In the most dire of circumstances, when neither you nor a loved one is able to communicate your health needs, having a well-organized set of health records available can be a life-saver, literally. Even in more normal situations, a complete set of personal health records can aid health care professionals in assessing your immediate needs without the usual customary avalanche of questions and answers that annoy both patient and doctor. Organizing health records can be done rather quickly, and once completed an individual needs to merely update the information that is present occasionally as it changes. This is not to imply that personal health records need to include every single incident of the sniffles, but it should present a clear general overview of individual health issues that can be quickly assessed.
Individual health records should be organized in three major categories, general health, specific illnesses and diseases, and medications.
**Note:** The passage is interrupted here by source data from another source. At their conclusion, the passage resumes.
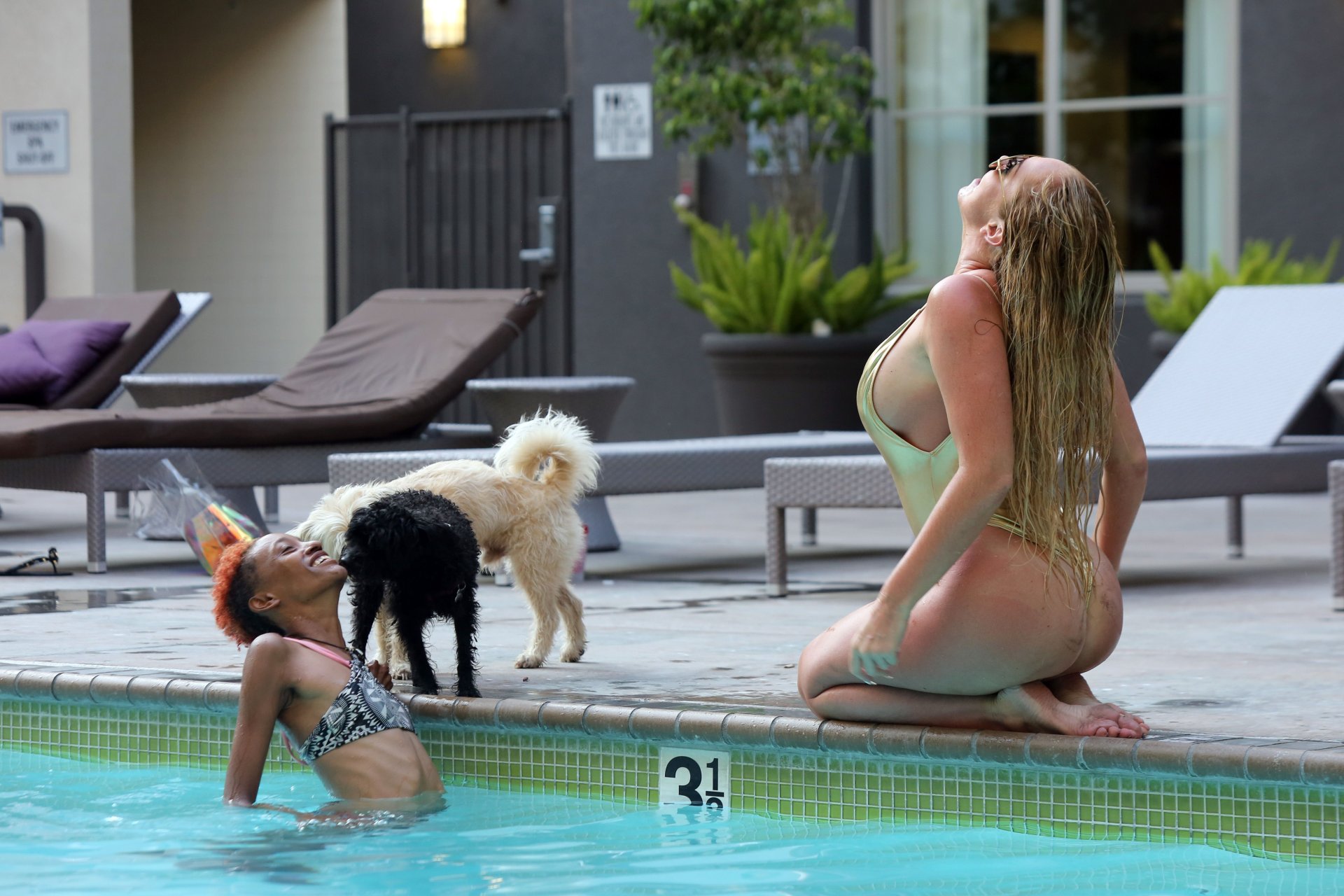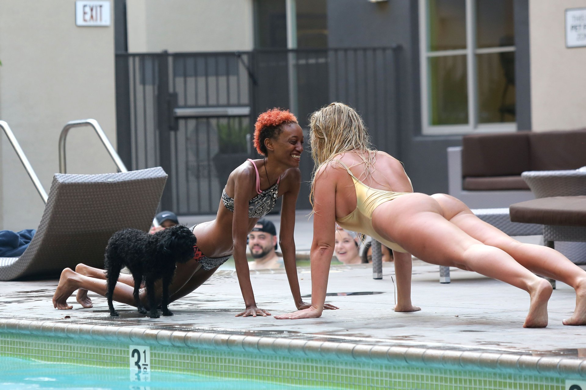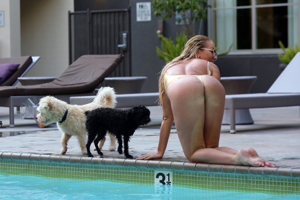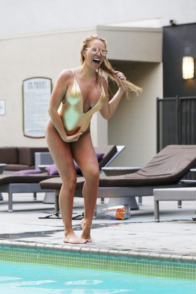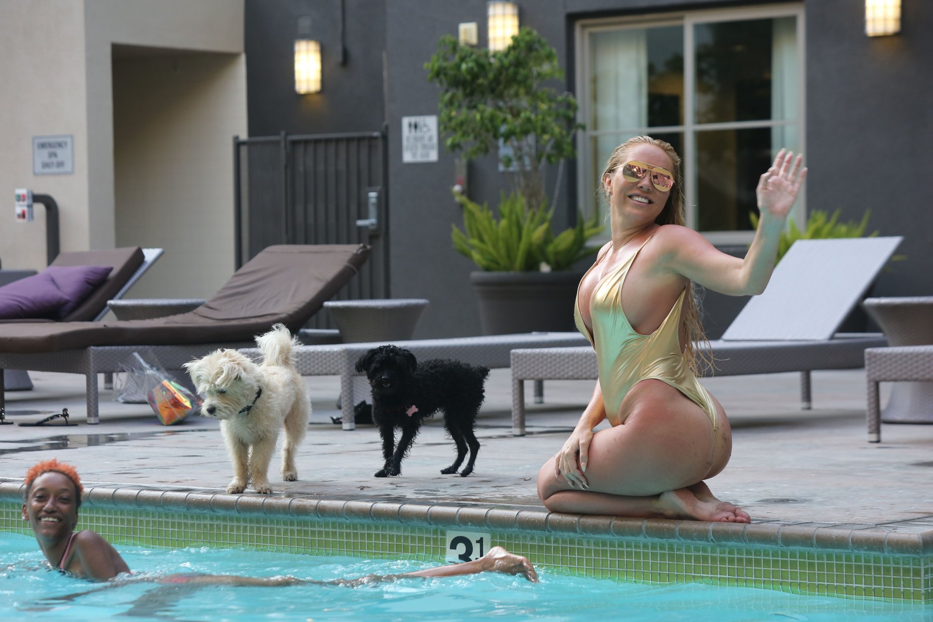 Aisleyne Horgan-Wallace sfrigola al sole a bordo piscina indossando un bikini dorato a Los Angeles, 30/06/2107. Aisleyne Horgan-Wallace è una modella, stilista, attrice, columnist di riviste, personaggio televisivo (Big Brother). Età – 38.
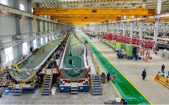 涂装车间的风电轮毂。
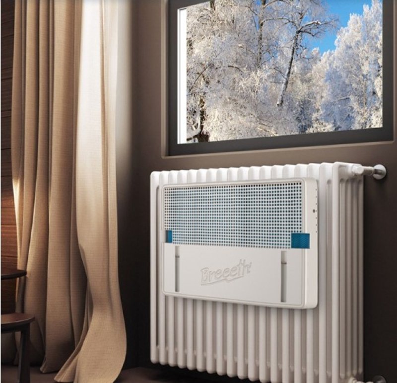 Увлажнитель воздуха на батарею Breeeth Natural Fun. Инновационной увлажнитель. С размещение на батарее (не разольете воду). С двойной системой испарения - от тепла батареи (горячее батарея - больше испарение) + испарение от обдува вентиляторами. Это работает и по отдельности. Сочетание дает реально большую производительность (до 800 гр/в час и до 50-52% влажности в помещении. Дышится очень легко). Работающий вентиляторный блок на первой скорости ночью не слышен и спать не мешает. Некоторым это важно. Есть пульт ДУ на 3 скорости. На внешней части видны поплавковые индикаторы остатка уровня воды. Вода доливается лейкой через окна, которые видны на фасаде. Реально все работает и реально удобно пользоваться. И дышится легко.
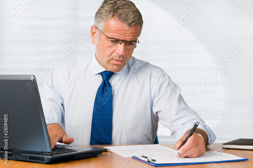 working, businessman, man, office, work, writing, notepad, business, concentration, adult, alone, businessperson, casual attire, caucasian, computer, confident, corporate, desk, document, executive, face, happy, indoor, job, laptop, lifestyle, male, manager, mature, modern, 1, pen, people, person, portrait, professional, satisfied, senior, sitting, smile, smiling, table, white, men at work, workplace, serious, note, clipboard, copy space, pensive
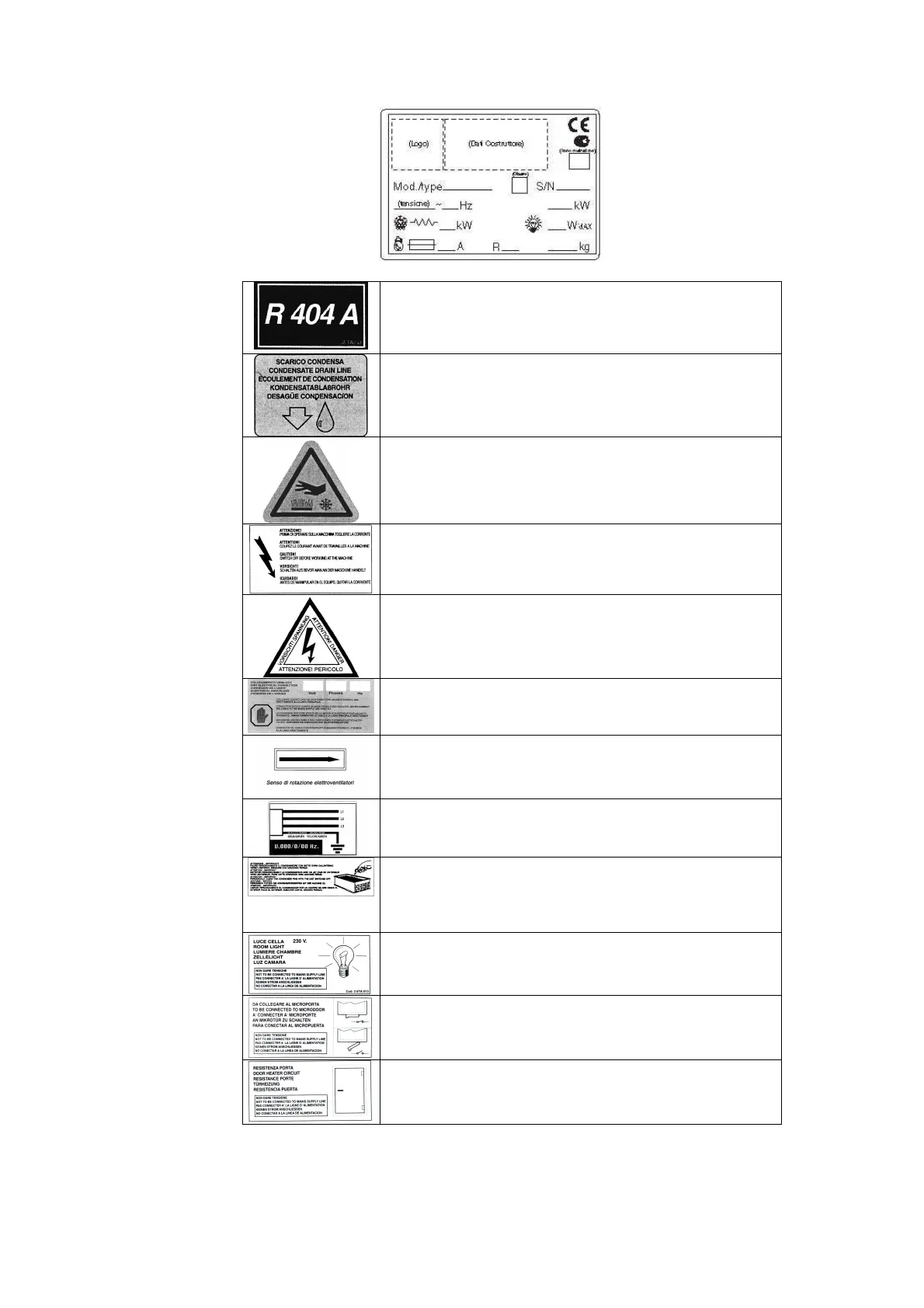Technoblock CS - Warning and Attention Plates; Electrical and Operational Safety Plates; Unit Connections and Indicators; Component Cables and Maintenance Alerts
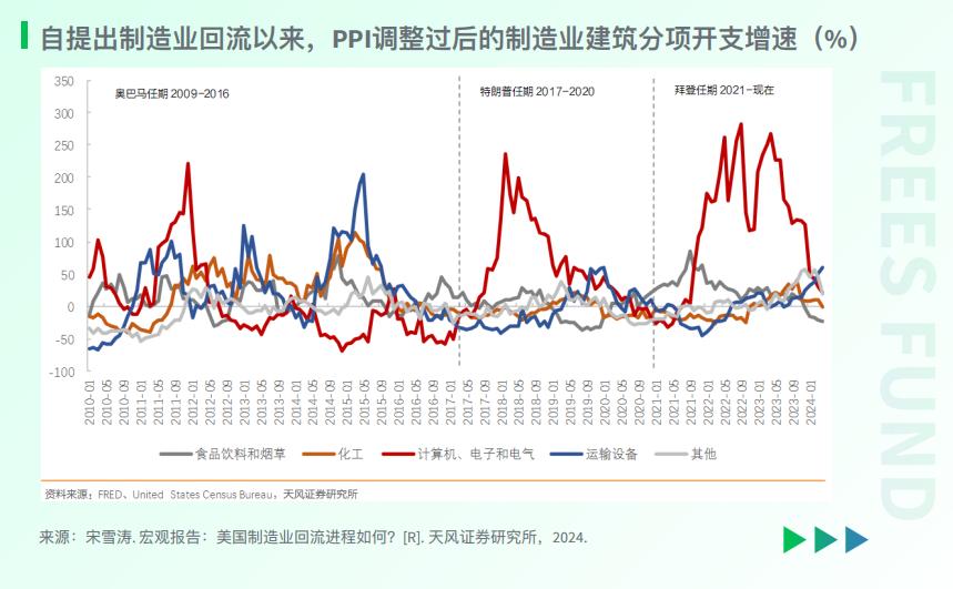 再看 投资 。与就业情况类似,每一次新的法案出台之后,都会带动一波投资的增长。不过,当这些法案的效应慢慢减弱之后,相关投资又会回落。以2022年8月9日通过的 《芯片与科学法案》 为例。法案通过后,催生了 计算机、电子和电气设备行业 的建筑分项投资的高速增长,增速一度超过 200% 。不过, 2024年 之后,相关投资开始 放缓 。
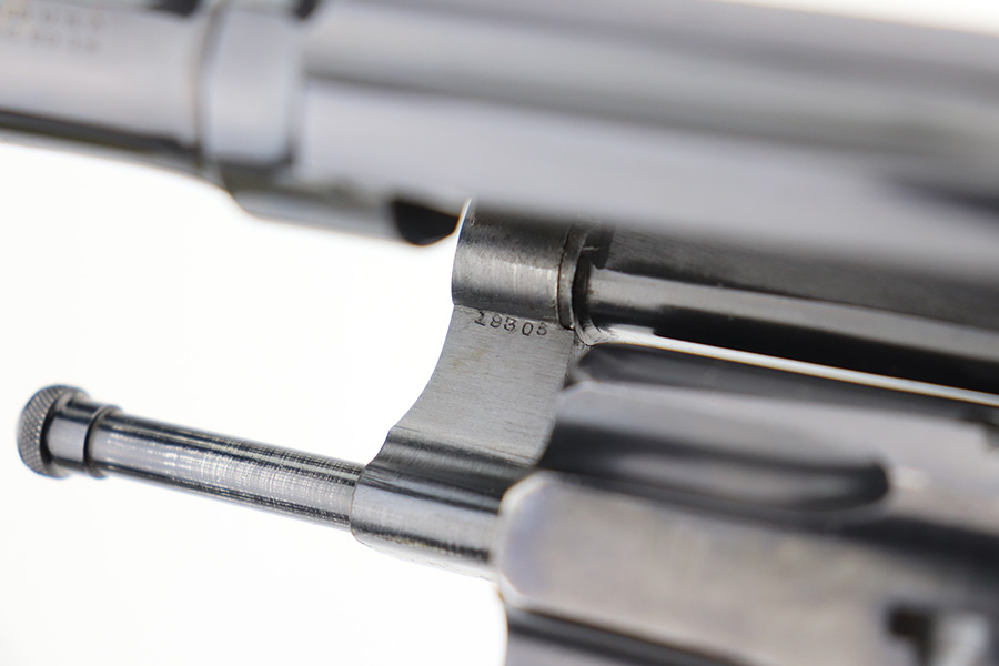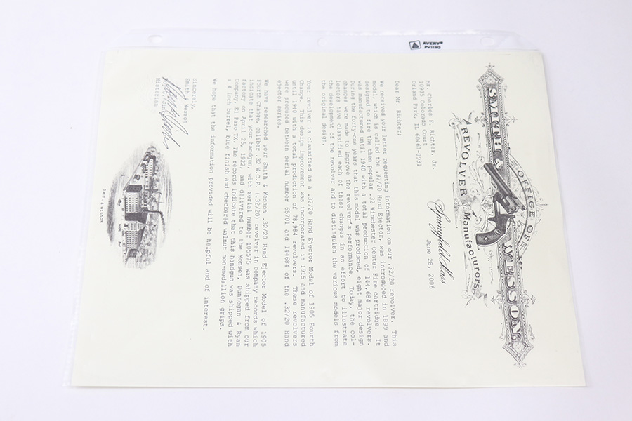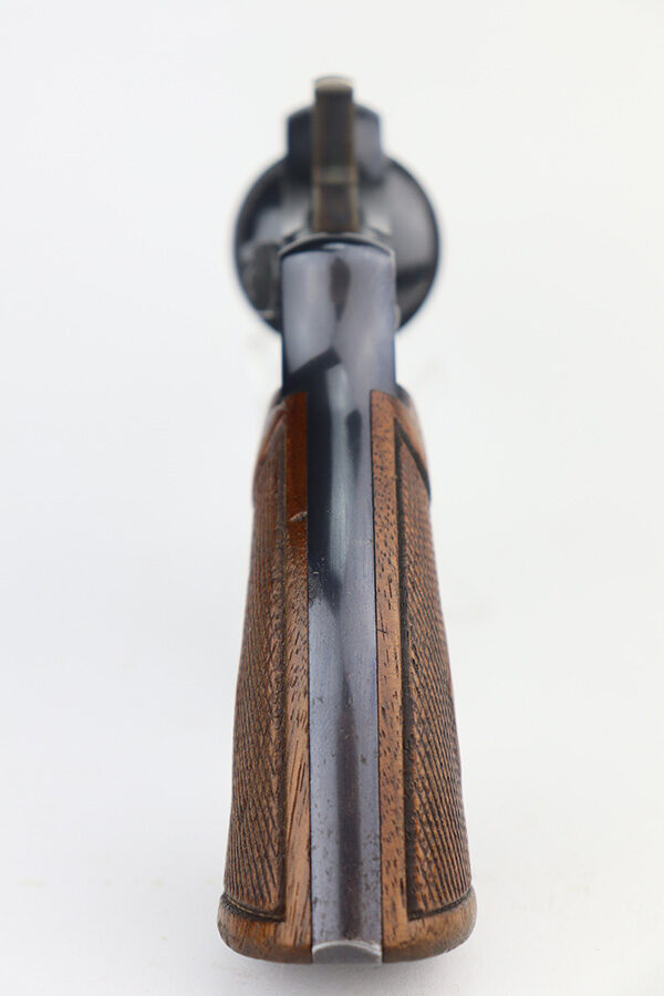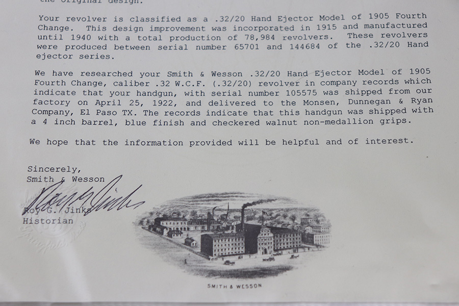 6/18/21 – This is a very nice Smith & Wesson .32/20 Hand Ejector Model of 1905 Fourth Change. All correct and original with maybe 94% of the blue remaining. Most of the wear is on the left and top side of the barrel. This particular example was made in 1922 and shipped to a private retailer in El Paso. Four inch barrel with a minty bore. Excellent grips, with right panel matching numbered to gun. Comes with S&W factory letter.
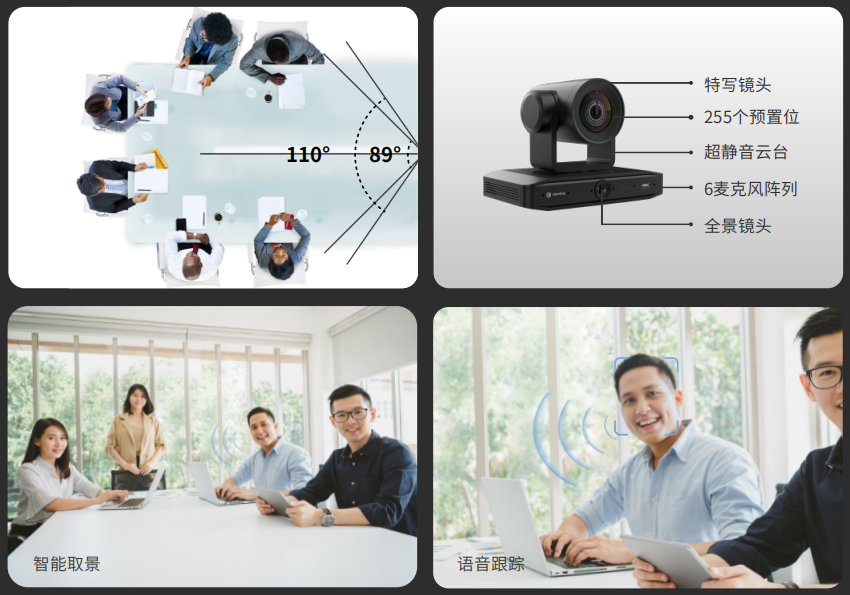 攝像系統(tǒng)由12倍光學(xué)變焦特寫鏡頭和110°大廣角的全景鏡頭組成,特寫鏡頭可視角達(dá)89°,可將畫面無損放大至12倍,加上自動(dòng)對(duì)焦,不僅能捕捉所有參會(huì)人的表情和動(dòng)作,會(huì)議室中的文件和白板內(nèi)容都能在遠(yuǎn)端輕松觀看。同時(shí),作為一款會(huì)議云臺(tái)攝像頭,它能通過6顆麥克風(fēng)陣列,鎖定發(fā)言人位置,電機(jī)實(shí)時(shí)穩(wěn)定安靜快速地運(yùn)行轉(zhuǎn)動(dòng)到當(dāng)前發(fā)言人,覆蓋會(huì)議室多個(gè)角度,讓遠(yuǎn)程的參會(huì)人更具沉浸感和參與感。
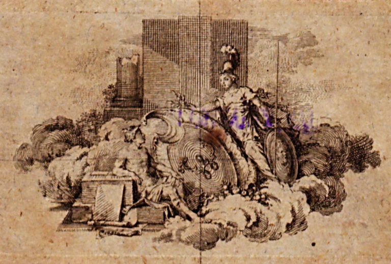 Štít v oblacích mezi sedícím Hermem (Merkur; Mercurius) a stojící Athénou (Minerva), která drží vavřínové větévky, knihy a svitky, zbytky antického sloupoví.
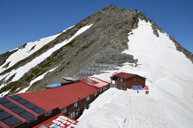 頂上を満喫したら、慎重に穂高岳山荘(白出のコル)まで降りてきます。
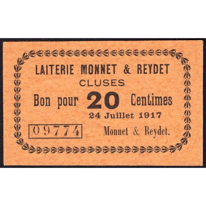 74 - Cluses - Laiterie Monnet & Reydet - 20 centimes - Type 74-22 - 24/07/1917 - Etat : NEUF

General health records would include dates and reasons for routine doctor visits, vital signs, height and weight, x-rays and basic lab results of tests that have been completed such as blood work. General health records should also include dental work performed and optometrist visits. This simple information will give a doctor a good basis on which to expand their testing and diagnosis.
Health records pertaining to specific illnesses and diseases should include specialized test results, surgeries, and contact information for medical specialists that have treated the patient for a given issue. These records should also state clearly any ongoing treatments, therapies or changes in lifestyle or diet attributable to a specific illness.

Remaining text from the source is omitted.